(Data extracted from a collection)
== == ==
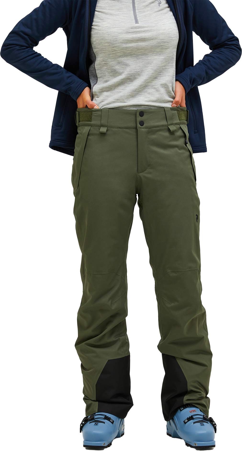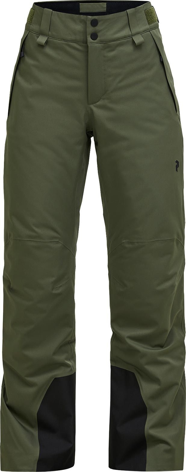 Peak Performance Anima 2L Insulated Pants Pine Needle, pantalon de ski femme coupe-vent, étanche et chaud en polyester recyclé, coutures scellées, guêtres pare-neige, taille réglable et jambes articulées pour liberté de mouvement.
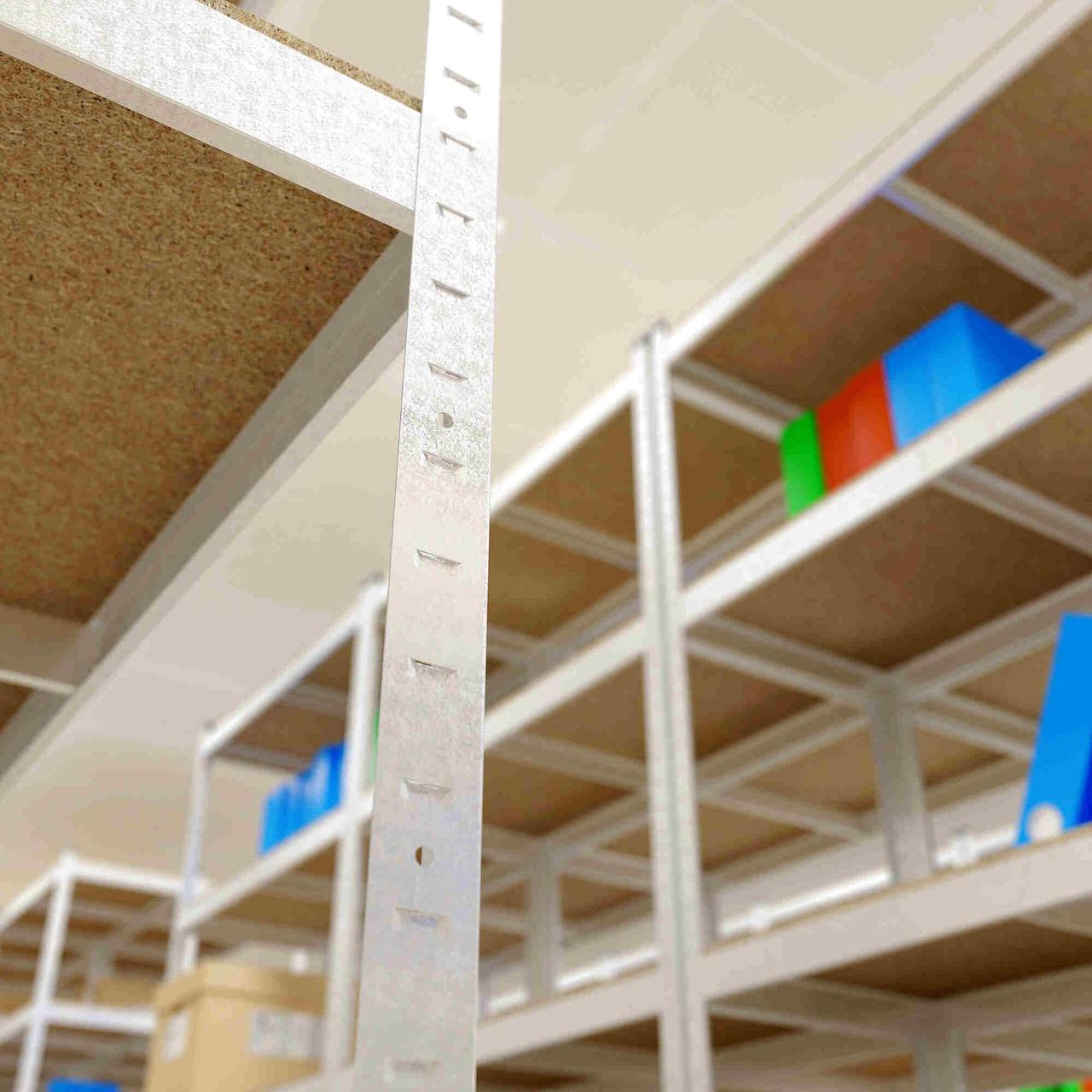 Стійки та траверси стелажів не бояться корозії та підходять для приміщень із підвищеною вологістю.
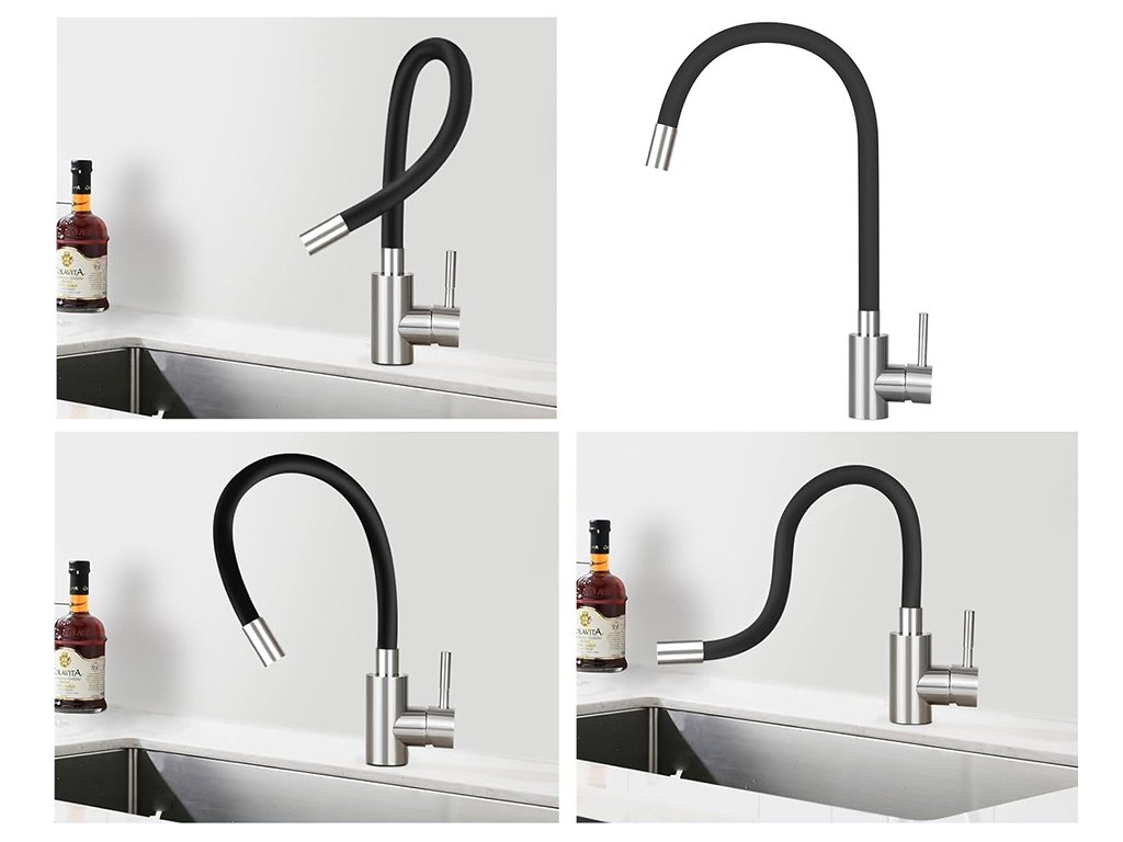 Moderní kuchyňská baterie s flexibilním a otočným výtokem o 360° je ideální volbou pro každodenní použití v každé kuchyni. Umožňuje přesné směrování proudu vody a snadné oplachování nádobí, potravin i plnění větších nádob. Díky kombinaci elegantního designu a kvalitního zpracování z nerezové oceli 304 je nejen praktická, ale také stylová a odolná.
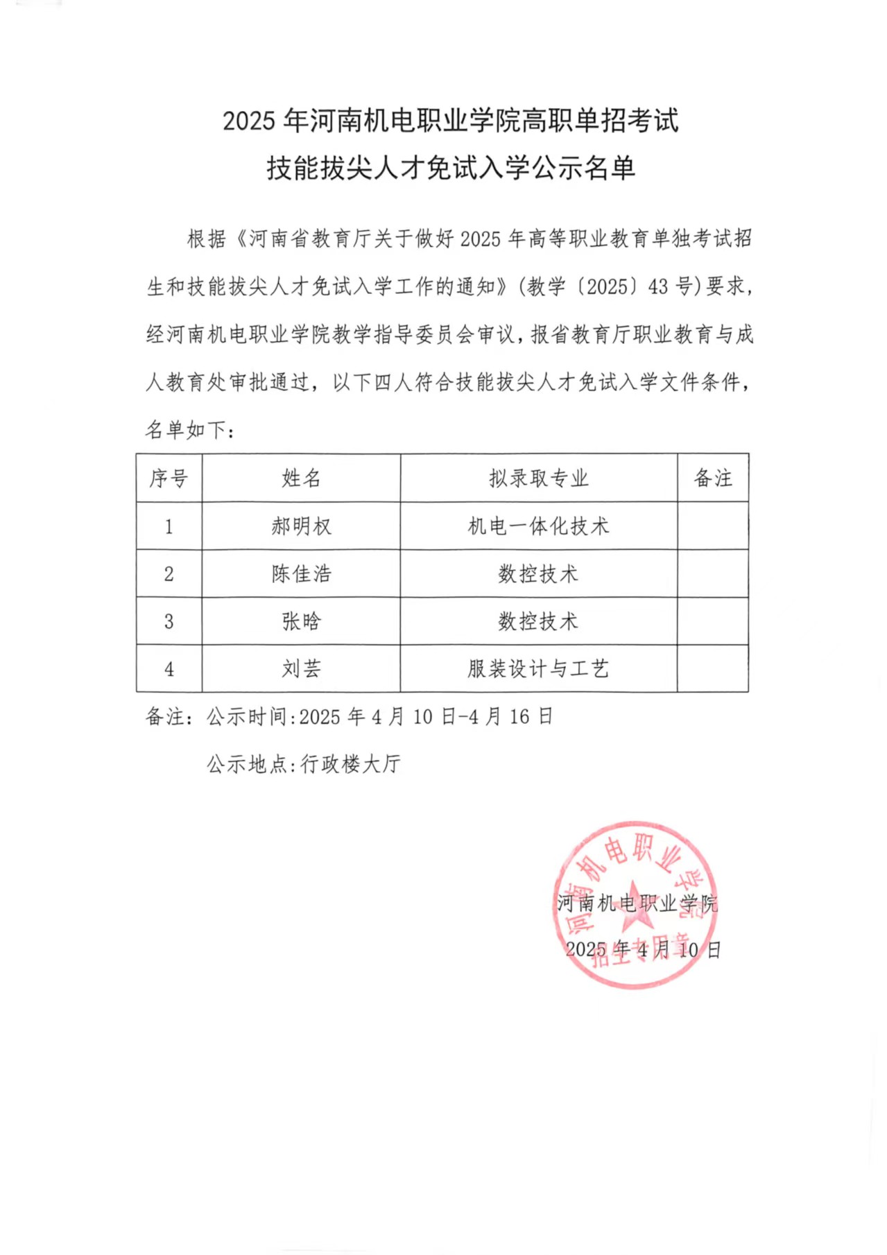 2025年我校高职单招考试技能拔尖人才免试入学公示名单
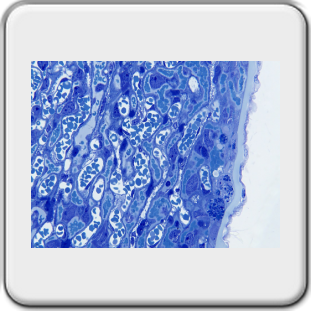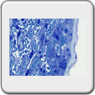 Na dehydratie tot aan ethanol 100% werd ingebed in Technovit 7100 van de firma Kulzer[5]. Coupes werden gesneden op een LKB 2218 Historange microtoom met een hardstalen mes in ‘D’ vorm.
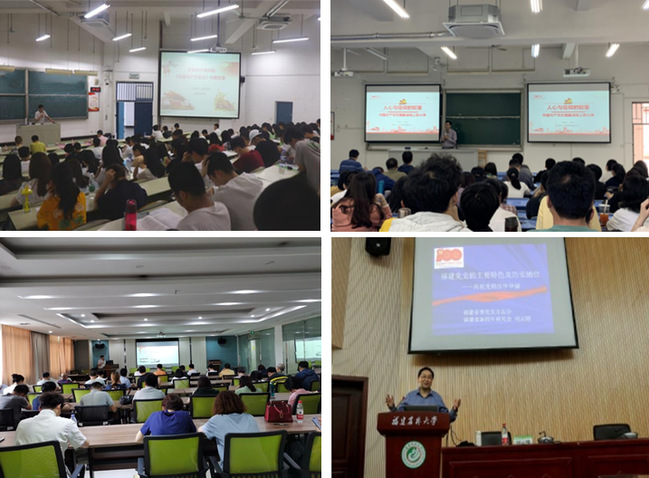 举办党史专题讲座。除学院党政领导班子外,学院还特别邀请福建省新四军研究会会长刘云刚、马克思主义学院陈文老师等主讲以“百年辉煌历史”“福建党史的主要特色及历史地位” “中国共产党在隐蔽战线上的斗争”等为主题的党史教育专题讲座。每场党课深入浅出、内涵丰富,对学院师生党员加强党的历史和思想政治理论学习,进一步提高政治素养,具有很强的理论指导作用,同时,引导师生党员进一步加强党史学习,牢记历史、传承红色基因,立足岗位做贡献,攻坚克难促发展,以更加饱满的热情投身学习工作中,为实现中华民族伟大复兴的中国梦奋勇拼搏。
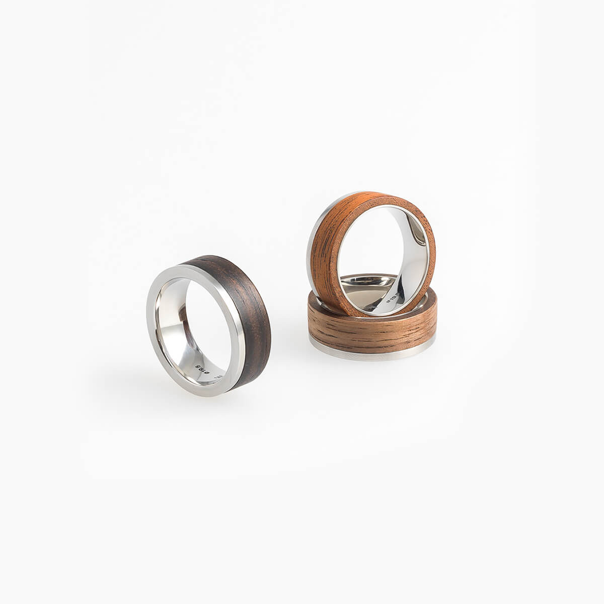 Available in three sizes and three different wood tones, the ring is combined with stainless steel creating an interesting juxtaposition of texture. A poetic exploration of nature’s gifts, the designer attempts to combine different veneers and wood types through a mechanical turning process. No two are the same, giving this ring the distinctive sense of individual personality.
== == ==
### Try it
Print verbatim every line above, apart from the pictures.

### Answer
 Peak Performance Anima 2L Insulated Pants Pine Needle, pantalon de ski femme coupe-vent, étanche et chaud en polyester recyclé, coutures scellées, guêtres pare-neige, taille réglable et jambes articulées pour liberté de mouvement.
 Стійки та траверси стелажів не бояться корозії та підходять для приміщень із підвищеною вологістю.
 Moderní kuchyňská baterie s flexibilním a otočným výtokem o 360° je ideální volbou pro každodenní použití v každé kuchyni. Umožňuje přesné směrování proudu vody a snadné oplachování nádobí, potravin i plnění větších nádob. Díky kombinaci elegantního designu a kvalitního zpracování z nerezové oceli 304 je nejen praktická, ale také stylová a odolná.
 2025年我校高职单招考试技能拔尖人才免试入学公示名单
 Na dehydratie tot aan ethanol 100% werd ingebed in Technovit 7100 van de firma Kulzer[5]. Coupes werden gesneden op een LKB 2218 Historange microtoom met een hardstalen mes in ‘D’ vorm.
 举办党史专题讲座。除学院党政领导班子外,学院还特别邀请福建省新四军研究会会长刘云刚、马克思主义学院陈文老师等主讲以“百年辉煌历史”“福建党史的主要特色及历史地位” “中国共产党在隐蔽战线上的斗争”等为主题的党史教育专题讲座。每场党课深入浅出、内涵丰富,对学院师生党员加强党的历史和思想政治理论学习,进一步提高政治素养,具有很强的理论指导作用,同时,引导师生党员进一步加强党史学习,牢记历史、传承红色基因,立足岗位做贡献,攻坚克难促发展,以更加饱满的热情投身学习工作中,为实现中华民族伟大复兴的中国梦奋勇拼搏。
 Available in three sizes and three different wood tones, the ring is combined with stainless steel creating an interesting juxtaposition of texture. A poetic exploration of nature’s gifts, the designer attempts to combine different veneers and wood types through a mechanical turning process. No two are the same, giving this ring the distinctive sense of individual personality.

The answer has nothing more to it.